貴澄夏生が敗北すれば、子供を傷つけるという条件だった。
「さーって、お約束の時間だ。恨むなら負けたエロ女を恨むんだな」
ナイフを持つ男は、その刃を振り上げる。
「やめてええ! お願い!」
なつきは必死に懇願した。
「おやあ? 負けたお前が悪いんだぜ?」
と、主犯格。
「それでもやめて! そんな子供を切ることないでしょ!」
「そうだな。だったら、代わりにお前が罰ゲームを受けるのはどうだ?」
「ば、罰ゲーム?」
「そうだ。これからお前が負けるたび、何か罰ゲームを考えよう。もし罰ゲームを拒めば、今度こそ子供を傷つける」
「なによ。その罰ゲームって……」
「さて、こうしよう。まず最初の罰ゲームは、ここで全裸になることだ」
そう言い出すなり、主犯格はパチンと指を鳴らした。
すると。
周囲の男は一斉に準備を始める。機材を巡って小走りで駆け回り、三脚台を用意してはビデオカメラをセットする。自分用のカメラを構え始める。ハンドカメラに電源を入れ、レンズを向ける。
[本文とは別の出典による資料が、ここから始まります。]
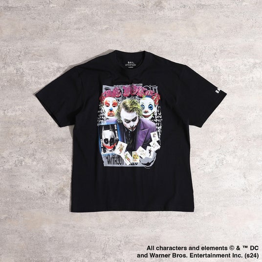ゴッサム・シティに舞い降りた究極の悪であり、犯罪こそが最高のジョークだと不敵に笑う、その男の名はジョーカー。そんなジョーカーを象徴するマスクやトランプに加え、印象的な笑い声を表す「HAHAHA」のテキストがデザインされた1着です。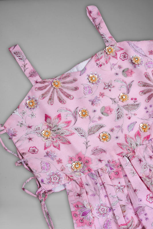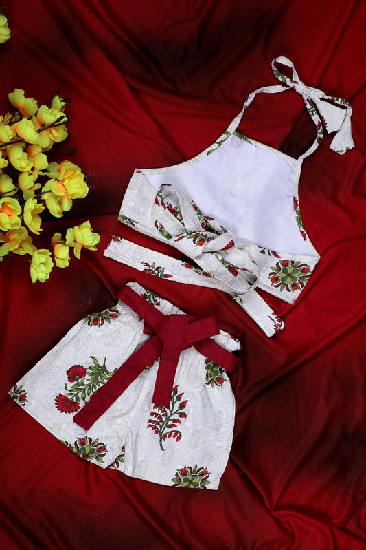 Baby Girls Floral printed Western Crop top and knee Lenth Clothing Set

なつきのことをぐるりと囲む男達は、全員がカメラか何かを手にしていた。三脚台で固定してある高級なビデオカメラも五台はある。撮られるだけでも恥ずかしいのに、四方八方の角度から、あらゆるアングルでの記録が残るのだ。
拡大機能を勘定に加えれば、よりたくさんのカットで脱衣を撮れるだろう。
「そんな……!」
衆人環視の中で服を脱げなど、それだけでも決意がいる。
それが、この環境だ。
「おっと? 嫌だってか?」
ナイフ持ちの男が、ニヤニヤと刃をちらつかせた。
「ぬ、脱ぐわ……」
「おお? 聞こえねーなぁ?」
「脱ぐわよ!」
「本人からの一大宣言! みなさーん! 脱いで下さるそうですよー!」
その瞬間、盛大な拍手が広がった。
「貴澄夏生! ストリップショーのはじまりはじまりー!」
ニヤついた全ての視線が、周囲全ての方向から、なつきの肢体に絡みつく。
――こんなところで脱ぐなんて。
――誰にも見せたことないのに……。
なつきの制服は、既に先ほどまでの対戦で、ワイシャツのボタンを外されている。さりげなくブラジャーは直していたが、せっかく隠したものを直後にもう一度晒す羽目になる。
まず、上から脱ぐことにした。
見渡す限り、カメラカメラカメラ。視線視線視線。一体いくつあるのか、考えたくもない数のレンズと、男の視線が、中心に立つなつきに対して集中している。
「うぅ……」
想像以上に恥ずかしくて、痙攣でもないのに手が震えた。強張って仕方のない手で、自分自身のワイシャツを掴んで、腕から袖を抜いていく。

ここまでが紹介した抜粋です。